S = {(1, 1), (1, 2), (1, 3), (1, 4), (1, 5), (1, 6),

         (2, 1), (2, 2), (2, 3), (2, 4), (2, 5), (2, 6),

         (3, 1), (3, 2), (3, 3), (3, 4), (3, 5), (3, 6),

         (4, 1), (4, 2), (4, 3), (4, 4), (4, 5), (4, 6),

         (5, 1), (5, 2), (5, 3), (5, 4), (5, 5), (5, 6),

         (6, 1), (6, 2), (6, 3), (6, 4), (6, 5), (6, 6)}

∴ n(S) = 36.

(1) Let A be the event that the sum of the digits on the upper faces is at least 10.

Then A = { (4, 6), (5, 5), (5, 6), (6, 4), (6, 5), (6, 6) },  ∴ n(A) = 6.

∴ P(A) = \(\frac{n(A)}{n(S)} = \frac{6}{36}\) = \(\frac{1}{6}\).

(2) Let B be the event that the sum of the digits on the upper faces is 33.

The sum of the digits on the upper faces is maximum (6, 6) that is 12.

∴ B = { }.  ∴ n(B) = 0

∴ P(B) = \(\frac{n(B)}{n(S)} = \frac{0}{36}\) = 0

(3) Let C be the event that the digit on the first die is greater than the digit on the second die.

Then C = { (2, 1), (3, 1), (3, 2), (4, 1), (4, 2), (4, 3), (5, 1), (5, 2), (5, 3), (5, 4), (6, 1), (6, 2), (6, 3), (6, 4), (6, 5) },  ∴ n(C) = 15.

∴ P(C) = \(\frac{n(C)}{n(S)} = \frac{15}{36}\) = \(\frac{5}{12}\).

Answer : (1) \(\frac{1}{6}\)  (2) 0 (3) \(\frac{5}{12}\).

The sample space is

S = {1, 2, 3, 4, 5, 6, 7, 8, 9, 10, 11, 12, 13, 14, 15}, ∴ n(S) = 15

(1) Let A be the event that the ticket drawn bears an even number.

Then A = {2, 4, 6, 8, 10, 12, 14}, ∴ n(A) = 7

P(A) = \(\frac{n(A)}{n(S)} = \frac{7}{15}\)

(2) Let B be the event that the ticket drawn bears a number which is a multiple of 5.

Then B = {5, 10, 15},  ∴ n(B) = 3

P(B) = \(\frac{n(B)}{n(S)} = \frac{3}{15}\) = \(\frac{1}{5}\).

Answer : (1) \(\frac{7}{15}\)  (2) \(\frac{1}{5}\)

The sample space is

S= {23, 25, 27, 29, 32, 35, 37, 39, 52, 53, 57, 59, 72, 73, 75, 79, 92, 93, 95, 97}

∴ n(S) = 20

(1) Let A be the event that two-digit odd numbers are formed.

Then A = {23, 25, 27, 29, 35, 37, 39, 53, 57, 59, 73, 75, 79, 93, 95, 97}, 

∴ n(A) = 16

P(A) = \(\frac{n(A)}{n(S)} = \frac{16}{20}\) = \(\frac{4}{5}\).

(2) Let B be the event that the two-digit number is a multiple of five.

Then B = {25, 35, 75, 95},  ∴ n(B) = 4

P(B) = \(\frac{n(B)}{n(S)} = \frac{4}{20}\) = \(\frac{1}{5}\).

Answer : (1) \(\frac{4}{5}\).  (2) \(\frac{1}{5}\).

S is the sample space

∴ n(S) = 52     ….... (There are 52 playing cards)

(1) Let A be the event that the card drawn is an ace.

There are four suits, Spade, Heart, Diamond and Club.

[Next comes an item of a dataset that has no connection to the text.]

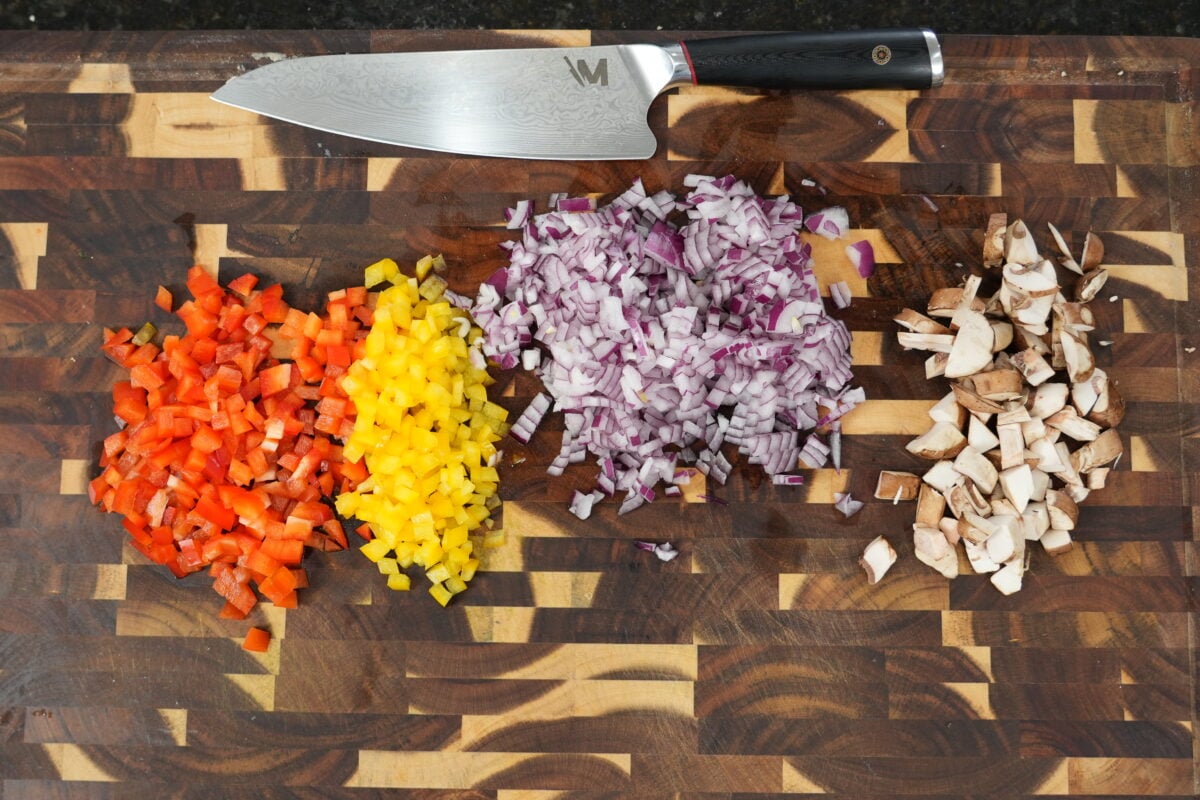 - Melt butter in a large skillet over medium heat. Add bell peppers, onion, and mushrooms. Season with salt and sauté 8-10 minutes until tender. Add garlic and cook 1 minute more.

Each suit has one ace.

(S) = { A-S, A-H, A-D, A-C},   ∴ n(A) = 4

P(A) = \(\frac{n(A)}{n(S)} = \frac{4}{52}\) = \(\frac{1}{13}\).

(2) Let B be the event that the card drawn is a spade.

There are 13 cards in the suit of spade One spade can be drawn out of 13 spade cards in 13 ways.

∴ n(B) = 13

P(B) = \(\frac{n(B)}{n(S)} = \frac{13}{52}\) = \(\frac{1}{4}\).

Answer : (1) \(\frac{1}{13}\).  (2) \(\frac{1}{4}\).